The `results` array contains item objects with these key fields:
- `id` — full LoC URL for the item (e.g. `http://lccn.loc.gov/30027597`). Extract the numeric or alphanumeric segment after the last `/` for the `/item/{id}/` endpoint.
- `title`, `date` — item title and publication date
- `original_format` — array like `["book"]` or `["photo, print, drawing"]`
- `subject` — array of subject headings (e.g. `["romania", "constitutions"]`)
- `digitized` — boolean; `true` means image resources exist in the full item record
- `item.call_number`, `item.created_published` — catalog metadata nested under `item`
Narrow further with facet filters: `fa=original-format:book` (format), `dates=1900/1950` (date range). Combine `q` with one or two facets for the most targeted results.

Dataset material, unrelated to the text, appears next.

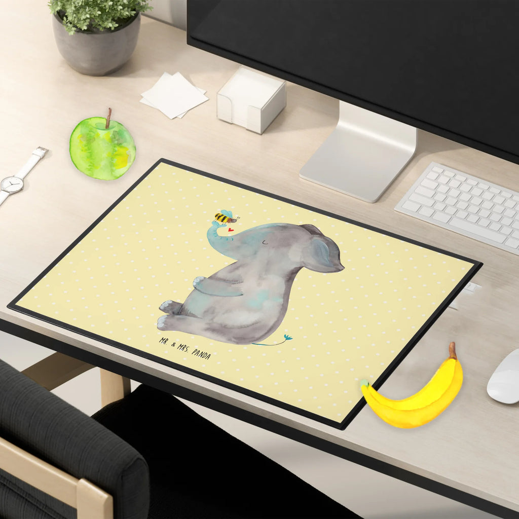 Schreibtischunterlage Elefant Biene - mit Spruch - Gelb Pastell
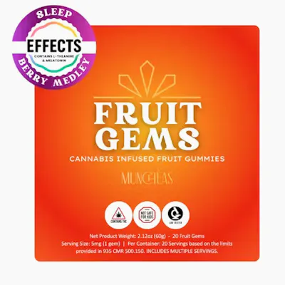 Munchèas hand-crafted Fruit Gems Effects were created to deliver targeted cannabis experiences with precision and care. The Sleep Berry Medley Gems feature a soothing blend of rich, juicy berries paired with 5mg of Liquid Gold premium cannabis oil and melatonin to support mind and body relaxation. Crafted to help ease you into restful sleep, these gems offer a vibrant burst of berry flavor with a smooth, mellow finish. Munchèas Effects Fruit Gems are thoughtfully formulated to enhance your wellness routine. Experience the art of relaxation in every bite. These products are not intended to diagnose, treat, cure, or prevent any disease. Effects may vary by individual. Descriptions are for flavor alone, and do not guarantee, suggest, or imply any health outcome.

## Fallbacks (when the best call isn't enough)
- **Known item identifier (from a search result or a loc.gov URL)** → `https://www.loc.gov/item/{id}/?fo=json` returns the full record including digitized image URLs in `resources`. Extract the numeric ID from a search result's `id` field — it is a full URL like `http://lccn.loc.gov/30027597`, not a slug.
- **No fallback if loc.gov is down** — this is the only free, programmatic access to the Library of Congress catalog.
## Pitfalls
- **`fo=json` is mandatory on every request.** Without it, you get an HTML page. This is the single most common mistake and it is not prominently documented.
- **The `id` field is a full URL, not a slug.** You cannot pass `"http://lccn.loc.gov/30027597"` directly to `/item/{id}/`. Extract the numeric segment (e.g. `30027597` or `2014711606`) after the last `/`.
- **`search.hits` and `pagination.total` differ.** `hits` is the unfiltered count across all formats; `total` is the count after your facet filters are applied. Use `pagination.total` for page navigation.
- **Cloudflare bot protection is aggressive.** Rapid-fire requests return 403 with a JavaScript challenge page. Add a recognizable `User-Agent` header and pace requests.
## One-line summary for the user
I can search the Library of Congress catalog — books, photos, maps, manuscripts — by keyword, format, and date range, but every request must include `fo=json` or you get HTML instead of JSON.